Saved entries
= = = = = = =
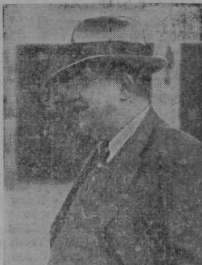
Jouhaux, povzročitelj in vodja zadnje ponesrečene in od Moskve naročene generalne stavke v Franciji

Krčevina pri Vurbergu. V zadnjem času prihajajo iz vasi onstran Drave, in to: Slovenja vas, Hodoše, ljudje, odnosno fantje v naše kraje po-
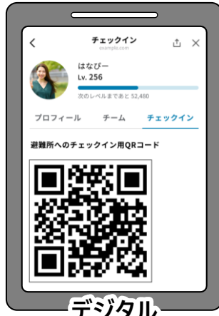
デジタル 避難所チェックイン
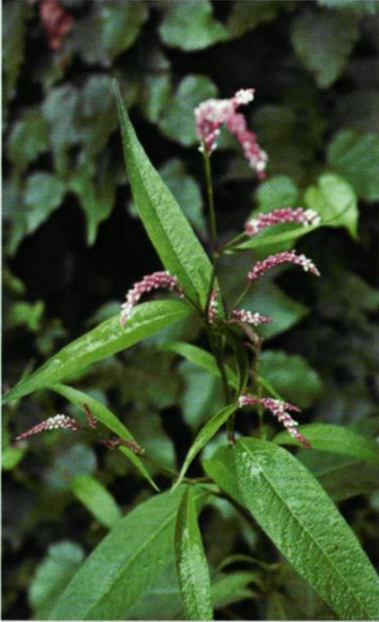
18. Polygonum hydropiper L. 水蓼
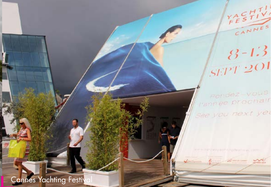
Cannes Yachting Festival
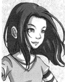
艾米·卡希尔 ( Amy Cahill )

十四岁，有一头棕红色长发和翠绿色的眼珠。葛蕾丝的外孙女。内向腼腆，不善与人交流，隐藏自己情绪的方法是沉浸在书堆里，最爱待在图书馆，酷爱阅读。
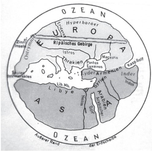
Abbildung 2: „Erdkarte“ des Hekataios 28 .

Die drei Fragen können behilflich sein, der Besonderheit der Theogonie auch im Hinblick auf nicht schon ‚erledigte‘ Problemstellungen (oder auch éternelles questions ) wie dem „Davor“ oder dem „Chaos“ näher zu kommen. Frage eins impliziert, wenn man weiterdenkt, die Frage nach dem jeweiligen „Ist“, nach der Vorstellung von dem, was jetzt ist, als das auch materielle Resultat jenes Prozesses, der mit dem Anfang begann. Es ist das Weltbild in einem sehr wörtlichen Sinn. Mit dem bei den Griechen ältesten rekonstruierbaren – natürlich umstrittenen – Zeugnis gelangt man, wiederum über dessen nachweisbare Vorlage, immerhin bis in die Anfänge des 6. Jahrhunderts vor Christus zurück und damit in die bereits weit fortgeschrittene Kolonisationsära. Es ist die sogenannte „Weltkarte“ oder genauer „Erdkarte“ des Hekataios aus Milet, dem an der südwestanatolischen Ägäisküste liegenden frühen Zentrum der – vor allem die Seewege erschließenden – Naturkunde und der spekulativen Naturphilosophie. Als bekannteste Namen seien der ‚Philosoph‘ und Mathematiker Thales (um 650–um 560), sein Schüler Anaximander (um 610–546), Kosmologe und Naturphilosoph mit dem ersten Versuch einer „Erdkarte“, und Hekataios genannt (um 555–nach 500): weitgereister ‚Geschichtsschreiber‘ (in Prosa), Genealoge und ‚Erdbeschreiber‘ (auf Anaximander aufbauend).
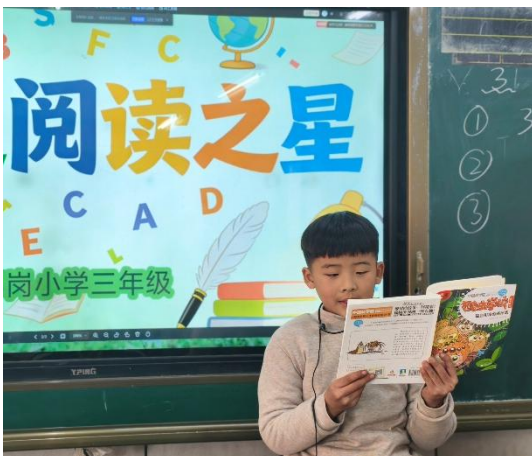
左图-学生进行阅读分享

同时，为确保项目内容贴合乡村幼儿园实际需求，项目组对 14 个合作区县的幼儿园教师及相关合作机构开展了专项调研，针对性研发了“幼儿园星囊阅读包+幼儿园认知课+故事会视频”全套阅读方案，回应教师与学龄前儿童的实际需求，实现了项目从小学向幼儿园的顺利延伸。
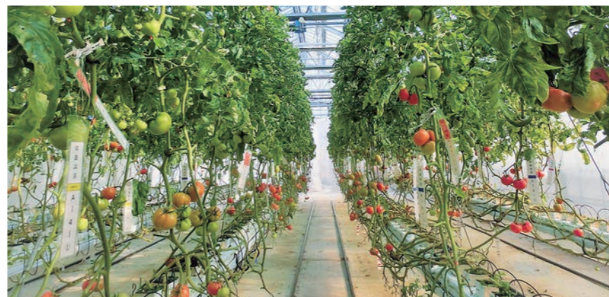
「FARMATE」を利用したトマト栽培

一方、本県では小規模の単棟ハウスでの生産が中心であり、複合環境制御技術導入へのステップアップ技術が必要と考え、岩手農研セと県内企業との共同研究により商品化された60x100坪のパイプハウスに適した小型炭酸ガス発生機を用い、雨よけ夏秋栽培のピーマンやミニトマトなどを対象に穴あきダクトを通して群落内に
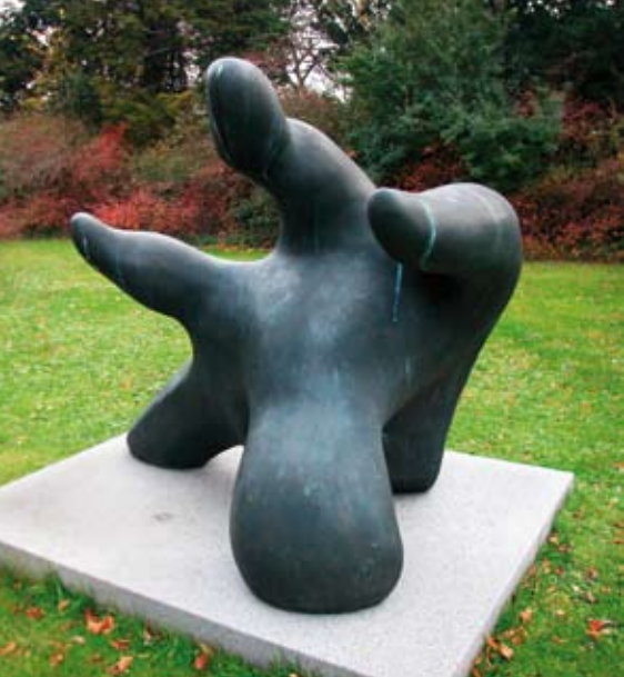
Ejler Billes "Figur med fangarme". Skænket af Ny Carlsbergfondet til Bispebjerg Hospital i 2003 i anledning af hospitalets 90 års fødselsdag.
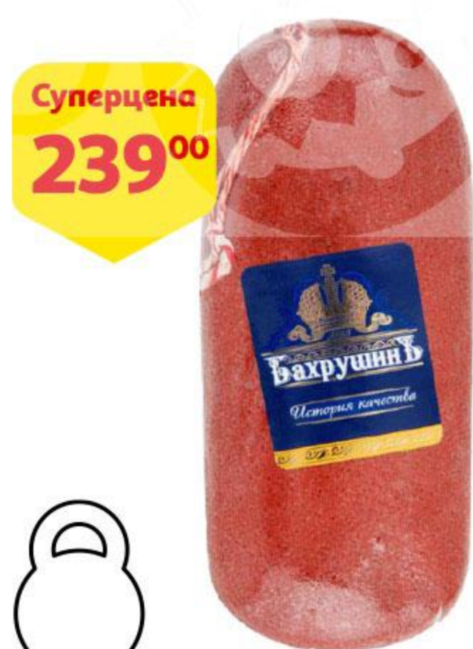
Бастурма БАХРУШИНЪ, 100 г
= = = = = = =
▶ **Exercise description**
Although the records above contain pictures, the copy should hold only the lines from their start through the line containing "Hekataios 28 .", each exactly as written, and none of the pictures.

▶ **Answer area**
Jouhaux, povzročitelj in vodja zadnje ponesrečene in od Moskve naročene generalne stavke v Franciji

Krčevina pri Vurbergu. V zadnjem času prihajajo iz vasi onstran Drave, in to: Slovenja vas, Hodoše, ljudje, odnosno fantje v naše kraje po-
デジタル 避難所チェックイン
18. Polygonum hydropiper L. 水蓼
Cannes Yachting Festival
艾米·卡希尔 ( Amy Cahill )

十四岁，有一头棕红色长发和翠绿色的眼珠。葛蕾丝的外孙女。内向腼腆，不善与人交流，隐藏自己情绪的方法是沉浸在书堆里，最爱待在图书馆，酷爱阅读。
Abbildung 2: „Erdkarte“ des Hekataios 28 .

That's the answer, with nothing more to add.